*** Begin section ***

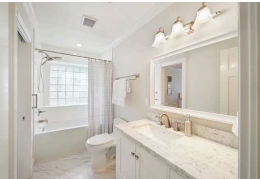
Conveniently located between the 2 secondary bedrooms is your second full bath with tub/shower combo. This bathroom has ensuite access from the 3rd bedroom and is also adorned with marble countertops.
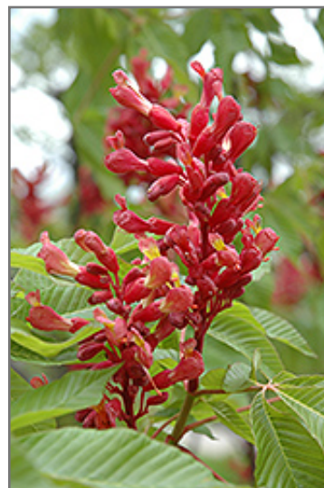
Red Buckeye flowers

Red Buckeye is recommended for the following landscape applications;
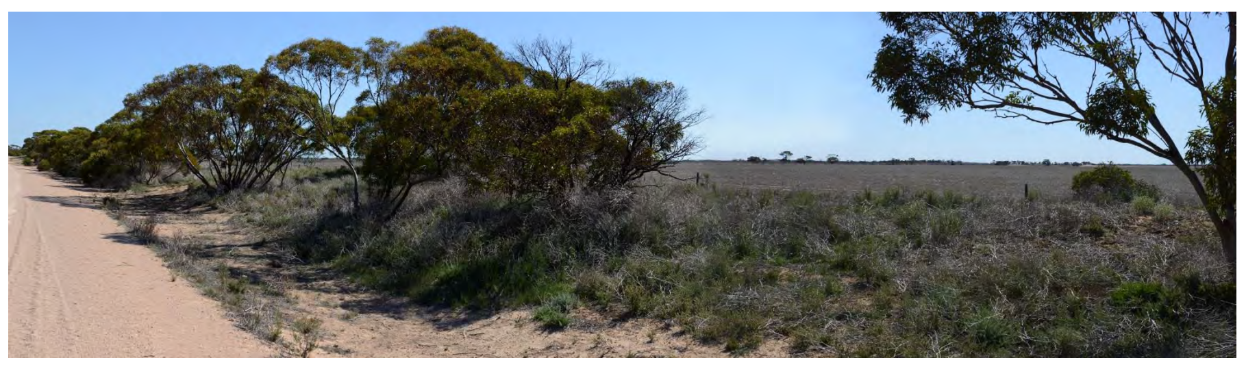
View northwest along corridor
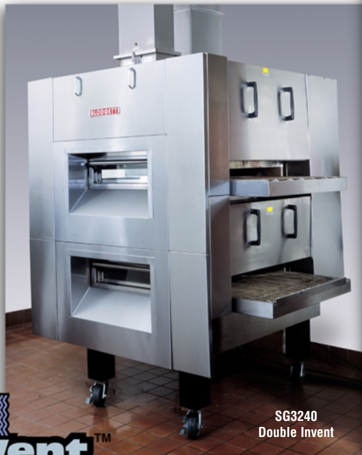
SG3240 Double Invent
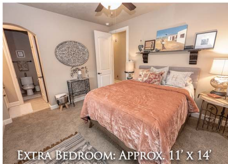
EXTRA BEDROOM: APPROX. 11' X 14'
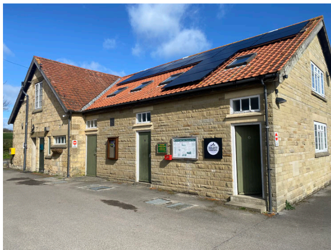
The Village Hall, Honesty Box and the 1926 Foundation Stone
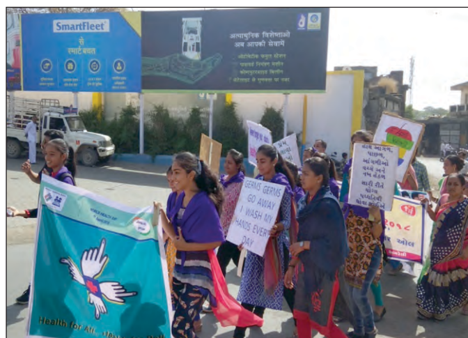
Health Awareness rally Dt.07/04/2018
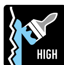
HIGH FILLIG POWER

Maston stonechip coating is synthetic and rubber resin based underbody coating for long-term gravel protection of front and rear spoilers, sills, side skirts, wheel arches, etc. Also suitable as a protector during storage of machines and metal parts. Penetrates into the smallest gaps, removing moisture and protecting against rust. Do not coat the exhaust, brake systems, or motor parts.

*** End section ***

__What needs to be done__:
The entries are to be transcribed word for word, without their images.

__Answer section__:
Conveniently located between the 2 secondary bedrooms is your second full bath with tub/shower combo. This bathroom has ensuite access from the 3rd bedroom and is also adorned with marble countertops.
Red Buckeye flowers

Red Buckeye is recommended for the following landscape applications;
View northwest along corridor
SG3240 Double Invent
EXTRA BEDROOM: APPROX. 11' X 14'
The Village Hall, Honesty Box and the 1926 Foundation Stone
Health Awareness rally Dt.07/04/2018
HIGH FILLIG POWER

Maston stonechip coating is synthetic and rubber resin based underbody coating for long-term gravel protection of front and rear spoilers, sills, side skirts, wheel arches, etc. Also suitable as a protector during storage of machines and metal parts. Penetrates into the smallest gaps, removing moisture and protecting against rust. Do not coat the exhaust, brake systems, or motor parts.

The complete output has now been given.